* TASK ITEM:
Reproduce, exactly, the lines of the material below from the line containing "首页 高二资料 2025北京东城高二(下)期末生物试题" through the line containing "72937449 alte Postkarte", with both end lines included and nothing else.

* DATA SUPPLIED:

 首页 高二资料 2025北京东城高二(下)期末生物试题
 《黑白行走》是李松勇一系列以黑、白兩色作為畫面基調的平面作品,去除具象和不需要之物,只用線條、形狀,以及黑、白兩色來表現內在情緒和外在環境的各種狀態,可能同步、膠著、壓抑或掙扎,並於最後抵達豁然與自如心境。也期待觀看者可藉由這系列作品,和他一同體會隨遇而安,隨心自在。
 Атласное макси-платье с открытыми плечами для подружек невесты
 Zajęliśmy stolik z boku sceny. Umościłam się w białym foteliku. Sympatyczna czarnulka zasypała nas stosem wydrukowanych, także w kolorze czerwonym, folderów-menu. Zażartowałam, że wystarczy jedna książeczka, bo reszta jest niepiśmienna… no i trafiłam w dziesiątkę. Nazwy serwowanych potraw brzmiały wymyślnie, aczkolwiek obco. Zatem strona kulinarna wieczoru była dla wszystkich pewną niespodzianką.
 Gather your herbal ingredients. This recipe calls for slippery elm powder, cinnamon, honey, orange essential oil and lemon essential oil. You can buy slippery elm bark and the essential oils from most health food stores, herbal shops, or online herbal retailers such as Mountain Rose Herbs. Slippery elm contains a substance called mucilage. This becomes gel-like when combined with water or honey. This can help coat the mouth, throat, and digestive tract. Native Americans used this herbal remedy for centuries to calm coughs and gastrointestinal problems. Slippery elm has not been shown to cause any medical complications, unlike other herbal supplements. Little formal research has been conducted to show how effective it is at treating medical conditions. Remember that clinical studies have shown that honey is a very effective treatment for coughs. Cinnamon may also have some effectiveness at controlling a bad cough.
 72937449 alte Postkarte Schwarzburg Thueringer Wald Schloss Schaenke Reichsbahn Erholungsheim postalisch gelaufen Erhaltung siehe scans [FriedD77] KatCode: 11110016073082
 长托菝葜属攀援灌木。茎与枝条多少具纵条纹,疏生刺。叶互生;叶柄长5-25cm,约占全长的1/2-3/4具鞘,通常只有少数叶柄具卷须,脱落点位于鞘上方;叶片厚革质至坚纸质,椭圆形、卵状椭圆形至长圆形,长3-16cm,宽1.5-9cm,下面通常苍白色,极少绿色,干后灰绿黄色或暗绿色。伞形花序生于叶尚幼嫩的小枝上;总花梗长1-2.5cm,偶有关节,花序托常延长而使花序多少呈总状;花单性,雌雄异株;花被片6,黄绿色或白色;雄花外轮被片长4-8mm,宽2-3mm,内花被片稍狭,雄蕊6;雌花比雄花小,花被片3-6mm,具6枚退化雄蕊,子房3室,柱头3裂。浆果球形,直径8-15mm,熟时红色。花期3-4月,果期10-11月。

==

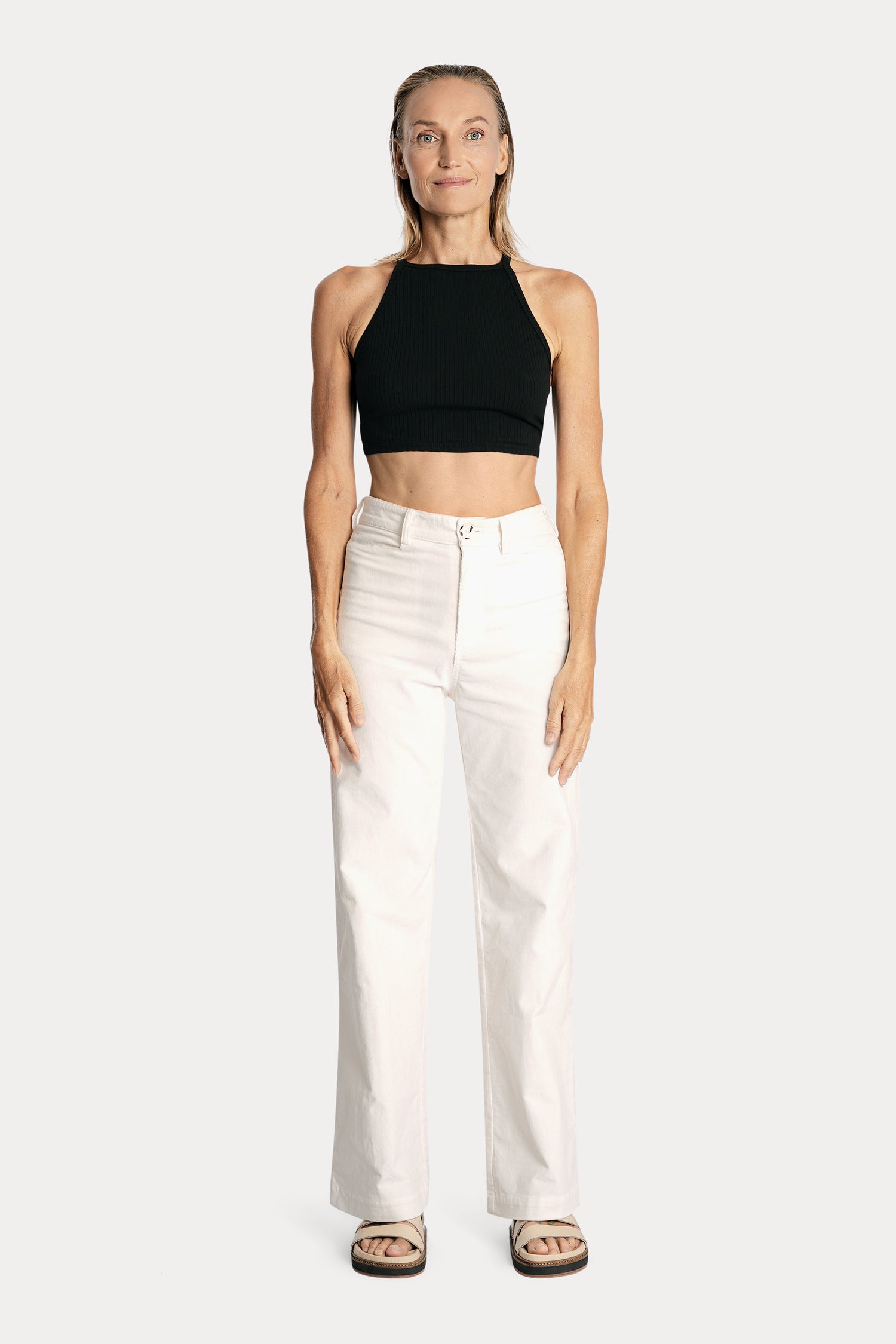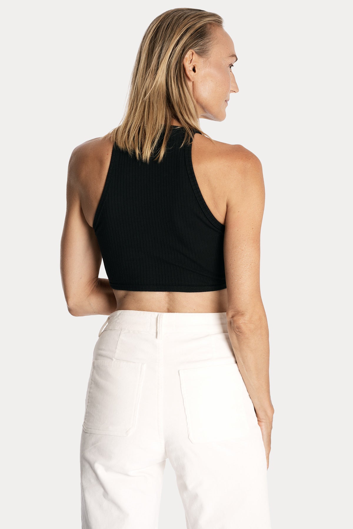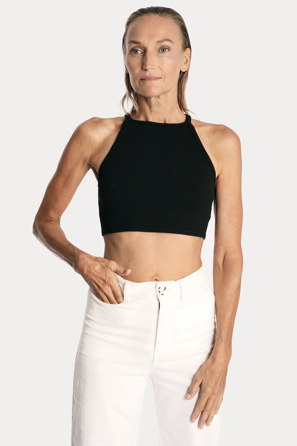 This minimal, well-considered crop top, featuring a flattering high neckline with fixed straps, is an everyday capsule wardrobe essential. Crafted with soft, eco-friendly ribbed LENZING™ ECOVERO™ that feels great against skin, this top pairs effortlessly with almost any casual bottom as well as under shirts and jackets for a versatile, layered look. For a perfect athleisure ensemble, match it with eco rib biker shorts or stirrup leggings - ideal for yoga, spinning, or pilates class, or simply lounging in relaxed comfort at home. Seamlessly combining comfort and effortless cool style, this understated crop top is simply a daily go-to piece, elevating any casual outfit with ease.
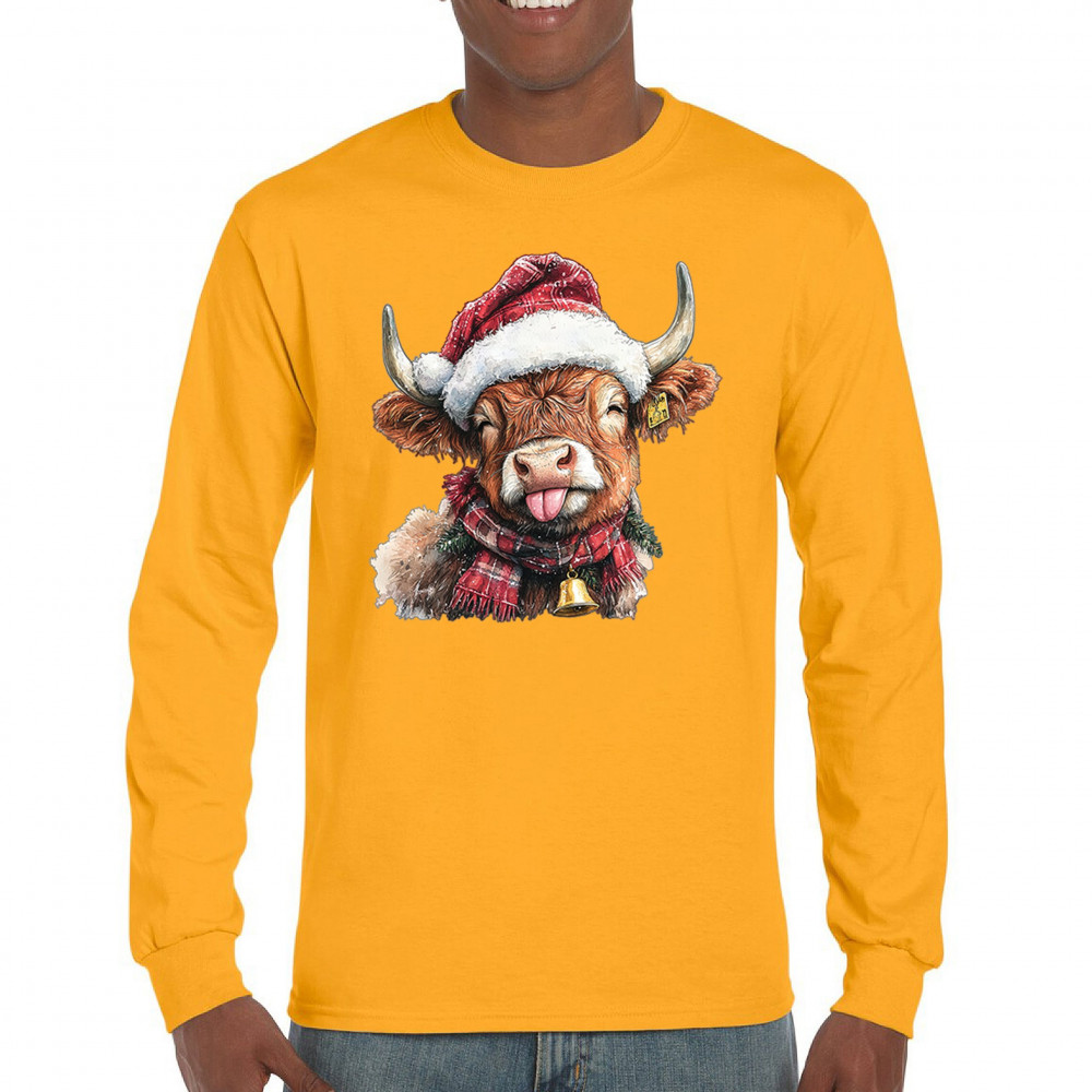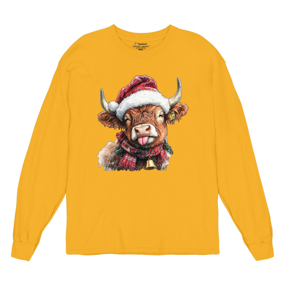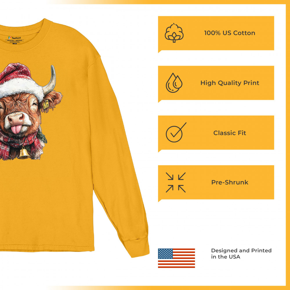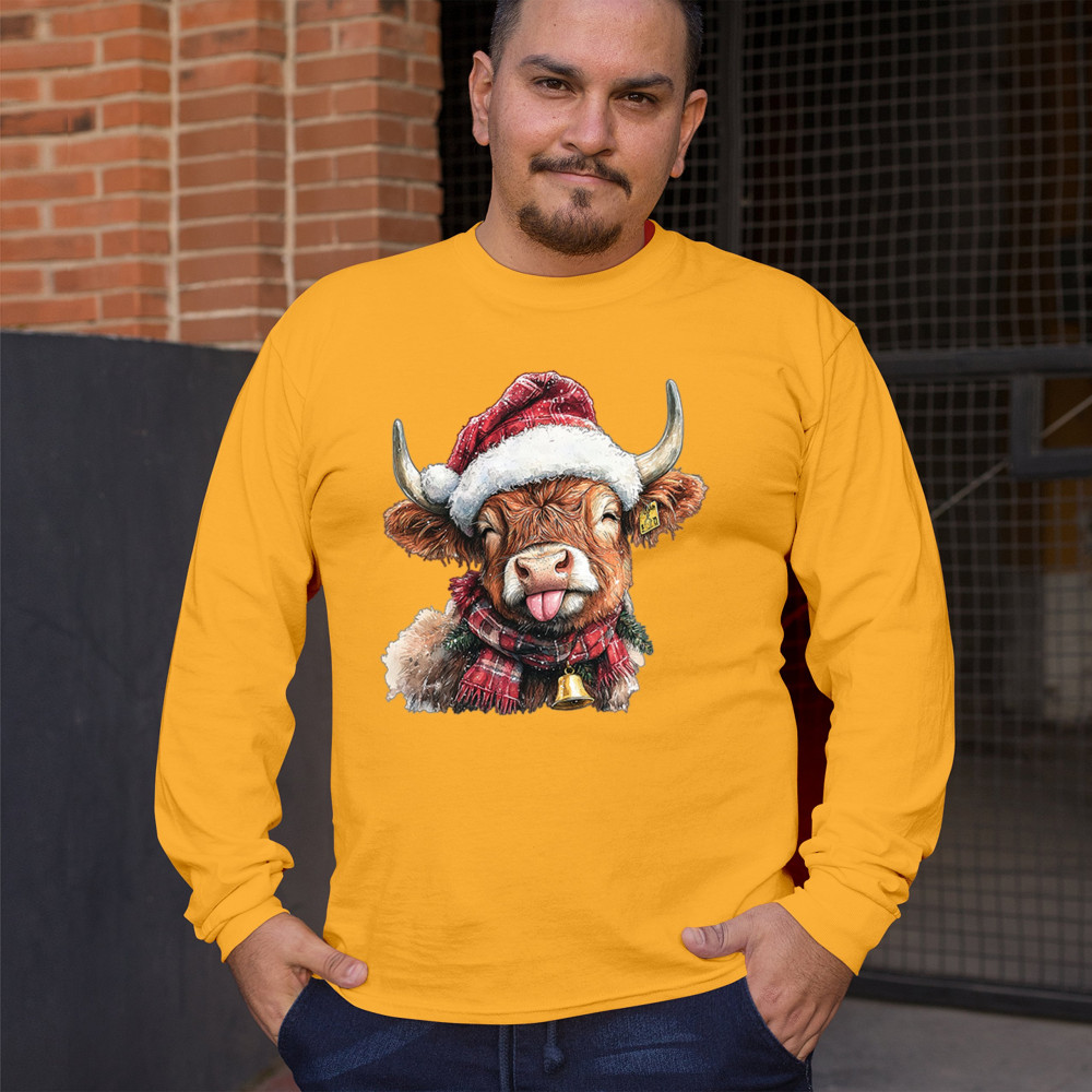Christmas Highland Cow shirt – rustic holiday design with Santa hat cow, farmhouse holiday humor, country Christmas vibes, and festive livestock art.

* ANSWER TO THE EXERCISE:
 首页 高二资料 2025北京东城高二(下)期末生物试题
 《黑白行走》是李松勇一系列以黑、白兩色作為畫面基調的平面作品,去除具象和不需要之物,只用線條、形狀,以及黑、白兩色來表現內在情緒和外在環境的各種狀態,可能同步、膠著、壓抑或掙扎,並於最後抵達豁然與自如心境。也期待觀看者可藉由這系列作品,和他一同體會隨遇而安,隨心自在。
 Атласное макси-платье с открытыми плечами для подружек невесты
 Zajęliśmy stolik z boku sceny. Umościłam się w białym foteliku. Sympatyczna czarnulka zasypała nas stosem wydrukowanych, także w kolorze czerwonym, folderów-menu. Zażartowałam, że wystarczy jedna książeczka, bo reszta jest niepiśmienna… no i trafiłam w dziesiątkę. Nazwy serwowanych potraw brzmiały wymyślnie, aczkolwiek obco. Zatem strona kulinarna wieczoru była dla wszystkich pewną niespodzianką.
 Gather your herbal ingredients. This recipe calls for slippery elm powder, cinnamon, honey, orange essential oil and lemon essential oil. You can buy slippery elm bark and the essential oils from most health food stores, herbal shops, or online herbal retailers such as Mountain Rose Herbs. Slippery elm contains a substance called mucilage. This becomes gel-like when combined with water or honey. This can help coat the mouth, throat, and digestive tract. Native Americans used this herbal remedy for centuries to calm coughs and gastrointestinal problems. Slippery elm has not been shown to cause any medical complications, unlike other herbal supplements. Little formal research has been conducted to show how effective it is at treating medical conditions. Remember that clinical studies have shown that honey is a very effective treatment for coughs. Cinnamon may also have some effectiveness at controlling a bad cough.
 72937449 alte Postkarte Schwarzburg Thueringer Wald Schloss Schaenke Reichsbahn Erholungsheim postalisch gelaufen Erhaltung siehe scans [FriedD77] KatCode: 11110016073082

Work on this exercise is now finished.